Wear indications at the location of the removed anti-vibration bars (AVBs), i.e., now in the free span, are plugged if the degradation exceeds 50 percent through-wall. Wear indications at the location of the new AVBs are plugged if the degradation exceeds 40 percent through-wall. These limits are consistent with the unit technical specifications. No rotating probe inspections are performed at wear scars to confirm the absence of cracking at these locations since no free span cracking or cracking at tube support plate elevations has occurred at Prairie Island 2.

On slide 12, circumferential ODSCC at a re-roll expansion was listed as a new mechanism for this unit. The single circumferential ODSCC indication was approximately 0.22 inches in extent, or occurring over 30o of the tube circumference.

On slides 15, the acronyms AR1, AR2, and ARE represent additional re-roll 1, additional re-roll 2, and additional re-roll elevated. The re-roll distances shown are from the tube end. The required repairs are shown in terms of tubes, not indications,

therefore, these numbers are not consistent with some of the earlier slides that present information in terms of total indications.

On slides 20 and 21, specific possible loose part (PLP) sorts are performed on the bobbin coil data. All rotating probe data is evaluated for PLPs. The rotating probe sample inspection of the cold-leg tubes includes peripheral tubes but is not biased towards the periphery (in order to detect loose parts).

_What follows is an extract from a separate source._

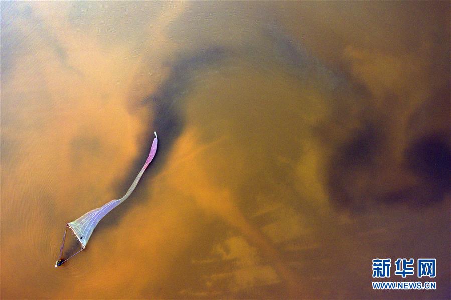 2018年7月6日,捕撈人員在山西運城鹽湖內捕撈鹽水蟲。大地之色,俯仰之間;壯美山河,是我的祖國。2018年,新華社記者操縱無人機“飛閱”華夏大地,在最美的時節,定格下她的色彩斑斕。新華社記者 曹陽 攝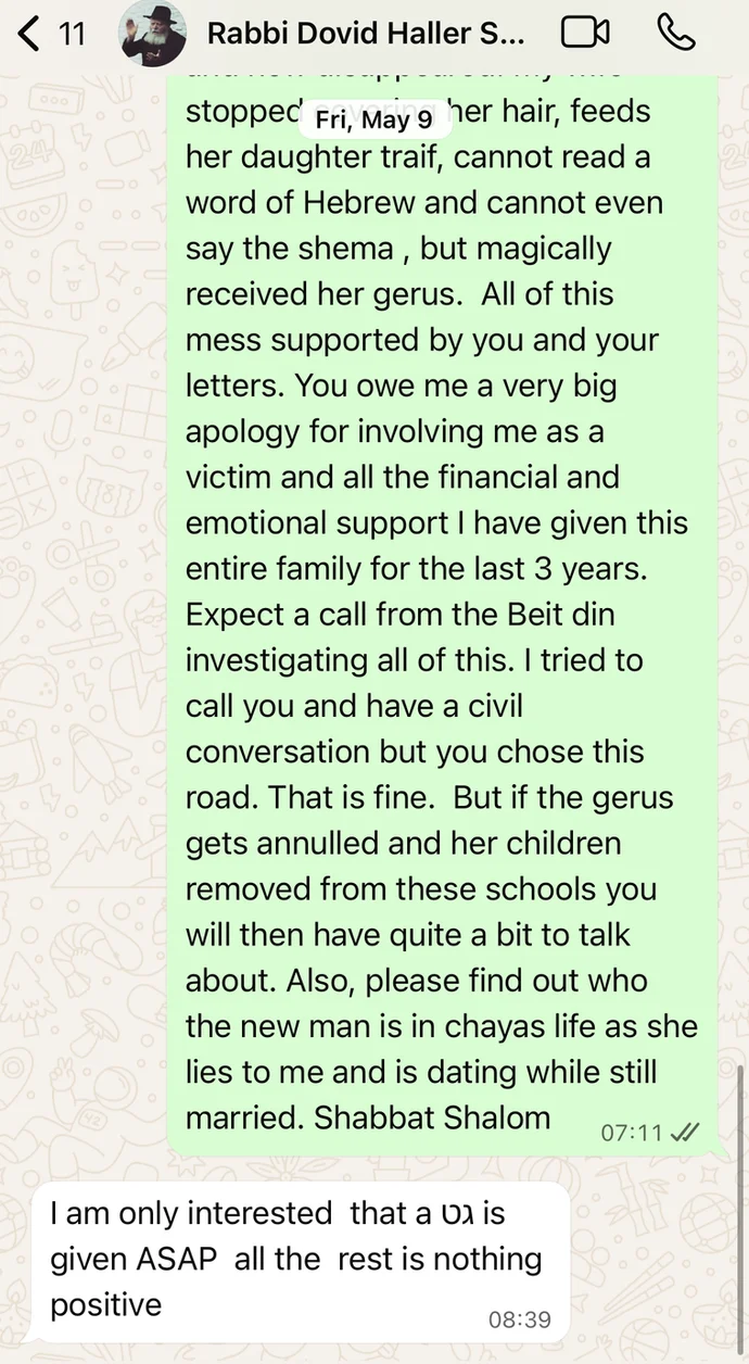 To an unsuspecting person, Jeffrey David would appear like any other religious Jew, proudly wearing a big Kippah and his tzizit hanging out. He frequents the Chabad House administered by Rabbi Dovid Haller for many years, donates food weekly for their public Shabbat Meals and regularly receives the “Levi” aliyah to the Torah. It’s a perfect scheme, why would anyone ever suspect that Jeffrey David is actually not Jewish? However, the truth is that not only should David not receive the “Levi” aliyah, he should not receive any aliyah at all, he’s not Jewish, he is a Lebanese Catholic. Rabbi Haller was given the benefit of the doubt and people refused to believe that a Chabad Rabbi would knowingly commit such a transgression of the Torah. However, when the Rabbi was confronted in a text message for writing letters on behalf of Jeffrey and the entire David Family to assist in admitting the non Jewish grandchildren into Orthodox Jewish schools (Yeshiva College and “Amana”), letters to assist family members to make Aliyah to Israel, Rabbi Dovid Haller did not deny any of the allegations. Below is that text message with the Rabbi’s very short reply.

New rotating probe PLP indications are investigated during the secondary side foreign object search and retrieval (FOSAR) inspections scheduled for later in the outage. Tubes with new PLP indications that are not able to be visually inspected during the FOSAR (e.g., tubes deeper into the tube bundle), will remain in service if the eddy current data has no indications of tube wear. Sludge lancing is performed on one steam generator (SG) each outage and will be performed on SG 22 later in the outage.

Subsequent to the phone call, the NRC staff asked an additional question concerning whether any of the indications in the tubesheet region met the criteria for in-situ leakage testing.

The licensee indicated there were only two primary water stress-corrosion cracking indications in the tubesheet region that exceeded the voltage threshold for leakage testing for flaws in the expansion transition (3.07 volts with a +Point probe). Since these indications had a minimum of 1.0 inch of hard roll above the top of the indication, they did not require in-situ pressure testing.

The licensee assigned a specific leak rate (under steamline break conditions) to these indications in their assessment of tube integrity.

The staff did not identify any issues that required follow-up action at this time; however, the staff asked to be notified in the event that any unusual conditions were detected during the remainder of the outage.